JASPER — There came a time in Dr. Richard Moss’ life when he bucked convention, security and comfort. At age 33, done with medical school and residency, the Jasper doctor rolled the dice and took a chance. He recounts the ensuing journey in his new book, “A Surgeon’s Odyssey.”
He had a plan before he left the United States to become a vagabond, volunteer cancer surgeon throughout Asia during the late 1980s and early 1990s. He was a trained and licensed ear, nose and throat doctor and head and neck cancer surgeon. He always wanted to experience life outside the country. And he had a passion to help others. But nothing could prepare him for the incredibly complicated journey he embarked on or the incredibly colorful characters he met in the three years he was away.
“I gave up financial security,” said Moss, who lived off of a few thousand dollars he’d saved up as well as stipends from university hospitals during those years. “I could have been making a lot of money.”
Instead, he made very little. But when Moss thinks back on it, he remembers his time working abroad as one of the most rewarding periods of his life.
He described the book as an adventure story, but said it is also about the cultural and spiritual passage he wandered through during his time on the continent of Asia. After 14 years of studying and training to become an otolaryngologist, he was more than ready to get out and satisfy his deep wanderlust.
“For me, I had such a deep wanderlust and a desire to get out there and just see the world — bare bones and naked,” Moss reflected in a Tuesday interview. “And see it at its most beautiful and most destitute and impoverished and miserable. You saw it all. It was really traveling in the raw.”
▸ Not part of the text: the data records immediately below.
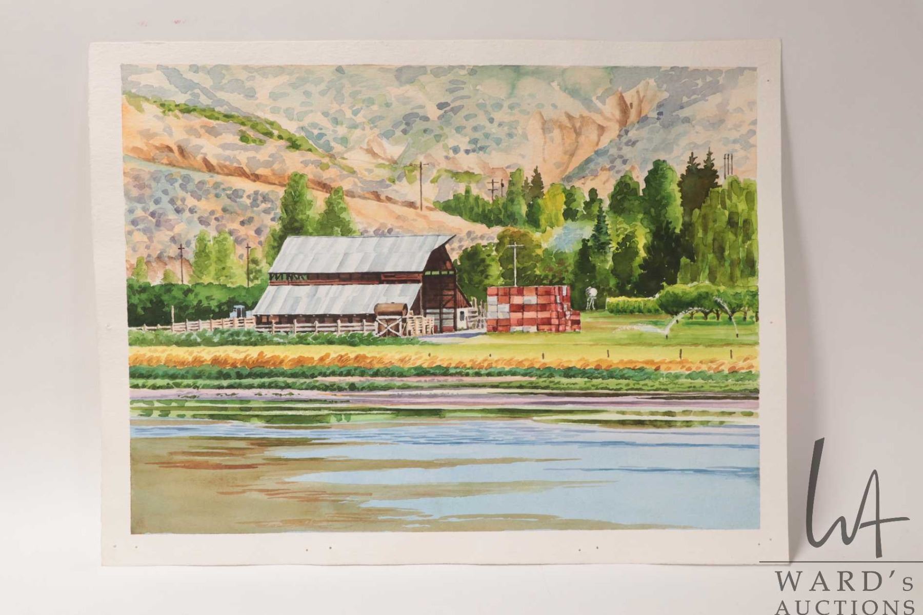 John M. Zupan (1941-1998) unsigned and unframed original watercolour painting of a modern barn. From the estate of the artist, presumed to be his work, 10" X 13 1/2"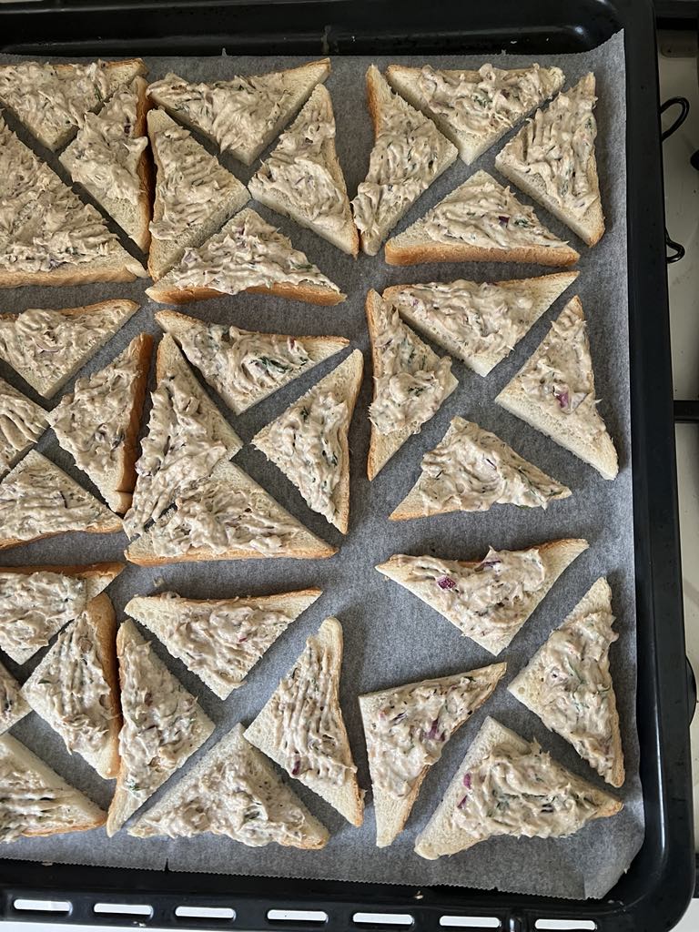 Ma saiaviiludelt koorikuid ära ei võtnud (ei toiduraiskamisele!) ja lõikasin saiaviilud neljaks. Tegin veidi vähem - täidise jagasin 9 saiaviilu ehk 4x9 ehk siis 36 saiaampsu vahel. Kui sardiine üle või soov sardiinidest miskit teha, siis kindlasti.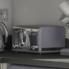 The 4 Slice Retro Toaster comes with an electronic browning control and the capacity to make up to 4 slices of toast at a time, perfect for the morning breakfast rush.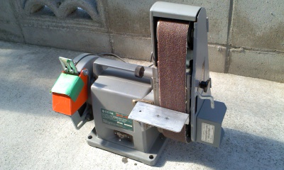 現在の使用工具(道具)は日立の小型ベルトグラインダーBGM50を少し改造して

He worked in university hospitals in Thailand, India, Bangladesh and Nepal, which allowed him to both help patients and teach medical students modern techniques he’d learned. He removed tumors and completed other ear, nose and throat surgeries for everyone from average citizens to the extremely wealthy and politically powerful. And he never charged anyone for his work.
During the journey, he met his wife, Ying, in Thailand. He interacted with and operated on political elites because of his highly sought-after American training and board certification. But eventually he ran out of money and had to come back to the states.
Someday, he said he might go back and complete more volunteer work overseas. He wishes now he could have figured out a way to both make money and continue his volunteer efforts in The Orient, but remembers how focused he was then on not accepting any money at all for his services.
And while Moss looks back on his time as a volunteer fondly and considers volunteerism a positive and noble pursuit, he stressed the importance of individual nations promoting free markets and the private sector to actually end suffering and elevate their societies.
“It’s a thimble full in an ocean of suffering and wretchedness,” Moss said of volunteer efforts.
“Ultimately, all the volunteers in the world, all of the government aid, all of the NGOs (non-government organizations) and the international organizations will not touch the problem. What ultimately will elevate a culture is when the people and their government decide to create liberty and opportunity and have a robust free market with innovation and research and development and strong civic institutions.”
Signed copies of his book can be purchased at Moss’ Jasper medical office, 721 W. 13th St., Jasper. Physical copies and e-book versions are also sold on Amazon and through Archway Publishing.
Moss is a board-certified head and neck surgeon with a private practice in Jasper, where he has lived for more than 27 years with his wife and four children. Moss earned his medical degree at the Indiana University School of Medicine in Indianapolis. He is also a columnist, local businessman and investor, and has sought political office. He is the author of “Matilda’s Triumph: A Memoir,” a book about his mother’s encounter with a devastating stroke intertwined with vignettes of her as a young woman, raising her five sons as a single parent in the Bronx.